> **RECORDS PROVIDED**

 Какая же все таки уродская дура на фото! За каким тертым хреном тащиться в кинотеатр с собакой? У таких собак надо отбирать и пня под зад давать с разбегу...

...

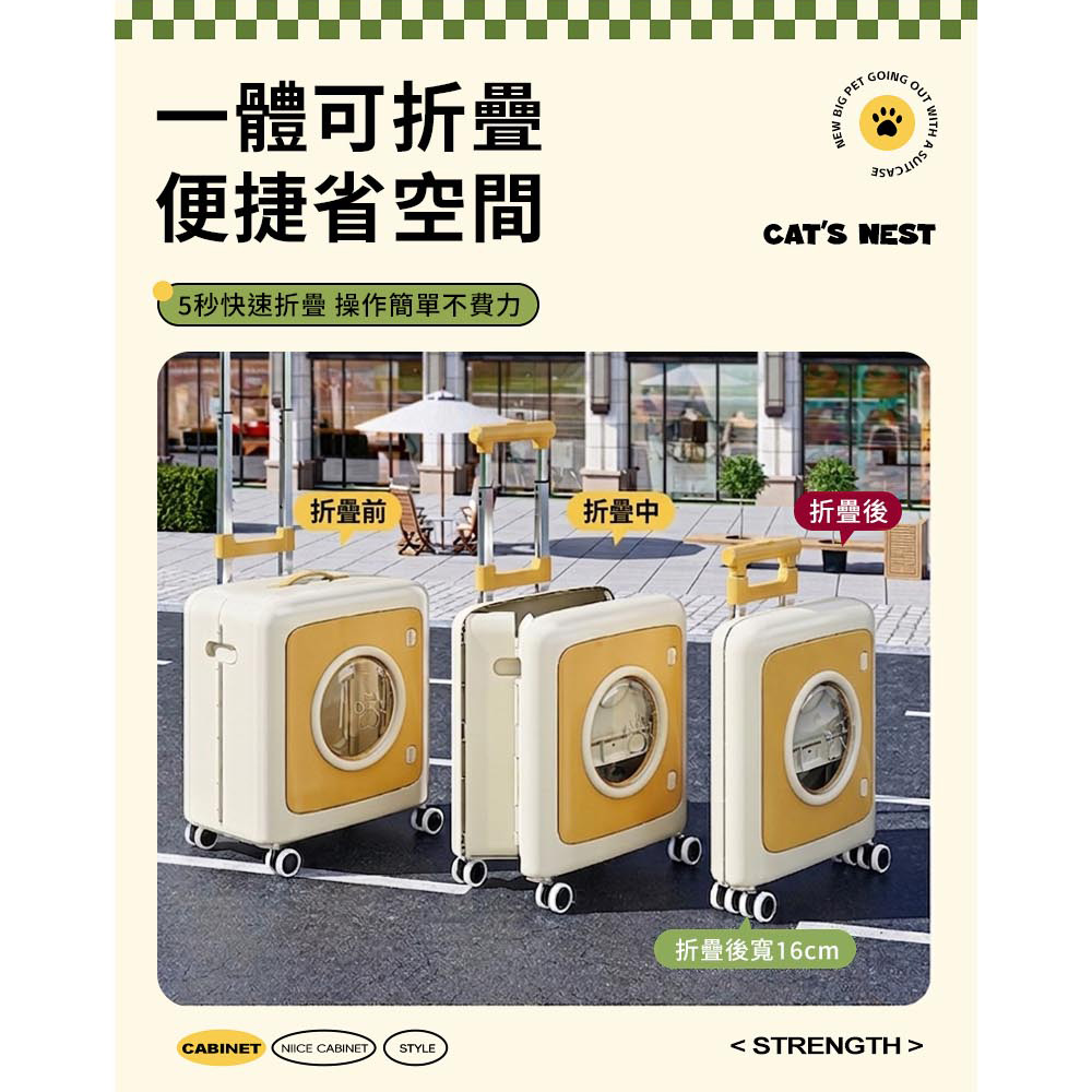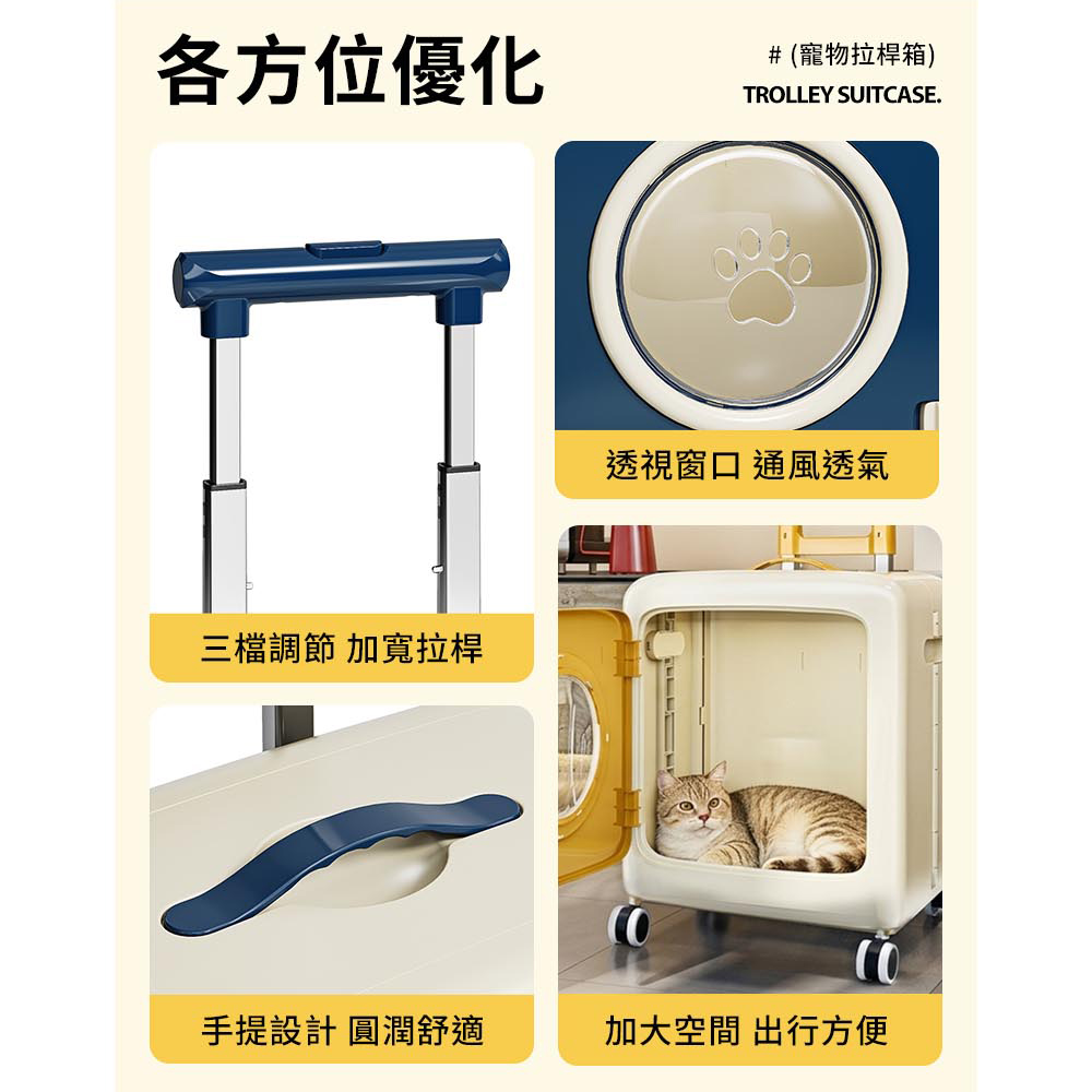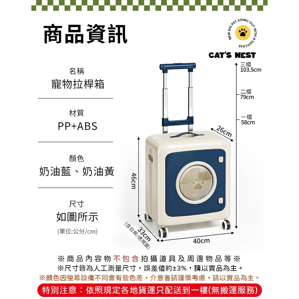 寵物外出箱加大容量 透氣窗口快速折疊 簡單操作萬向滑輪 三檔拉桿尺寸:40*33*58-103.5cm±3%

...

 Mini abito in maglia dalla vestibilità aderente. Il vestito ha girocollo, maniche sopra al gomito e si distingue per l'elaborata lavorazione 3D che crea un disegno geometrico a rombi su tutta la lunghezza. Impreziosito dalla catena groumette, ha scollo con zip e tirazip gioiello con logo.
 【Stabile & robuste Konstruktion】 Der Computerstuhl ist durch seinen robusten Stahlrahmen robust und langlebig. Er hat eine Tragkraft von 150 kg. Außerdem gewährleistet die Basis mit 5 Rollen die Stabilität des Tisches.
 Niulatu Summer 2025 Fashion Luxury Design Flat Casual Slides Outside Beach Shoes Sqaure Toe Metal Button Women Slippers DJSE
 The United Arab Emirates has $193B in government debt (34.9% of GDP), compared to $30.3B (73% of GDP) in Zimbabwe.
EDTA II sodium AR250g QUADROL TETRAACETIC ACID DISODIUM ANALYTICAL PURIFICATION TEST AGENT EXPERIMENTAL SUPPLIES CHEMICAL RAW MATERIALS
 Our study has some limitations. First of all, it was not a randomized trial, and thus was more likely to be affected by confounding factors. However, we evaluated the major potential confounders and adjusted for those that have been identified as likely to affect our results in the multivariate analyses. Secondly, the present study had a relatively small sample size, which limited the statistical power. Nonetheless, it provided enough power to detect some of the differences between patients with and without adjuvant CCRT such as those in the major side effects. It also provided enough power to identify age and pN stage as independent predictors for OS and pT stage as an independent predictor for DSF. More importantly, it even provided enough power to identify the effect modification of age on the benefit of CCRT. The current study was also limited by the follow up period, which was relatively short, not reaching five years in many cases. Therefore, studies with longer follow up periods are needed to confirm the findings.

> **YOUR OBJECTIVE**
Return exactly the lines above from the line that has "Mini abito in" through the line that has "The United Arab", inclusive, and nothing else.

> **RESPONSE**
 Mini abito in maglia dalla vestibilità aderente. Il vestito ha girocollo, maniche sopra al gomito e si distingue per l'elaborata lavorazione 3D che crea un disegno geometrico a rombi su tutta la lunghezza. Impreziosito dalla catena groumette, ha scollo con zip e tirazip gioiello con logo.
 【Stabile & robuste Konstruktion】 Der Computerstuhl ist durch seinen robusten Stahlrahmen robust und langlebig. Er hat eine Tragkraft von 150 kg. Außerdem gewährleistet die Basis mit 5 Rollen die Stabilität des Tisches.
 Niulatu Summer 2025 Fashion Luxury Design Flat Casual Slides Outside Beach Shoes Sqaure Toe Metal Button Women Slippers DJSE
 The United Arab Emirates has $193B in government debt (34.9% of GDP), compared to $30.3B (73% of GDP) in Zimbabwe.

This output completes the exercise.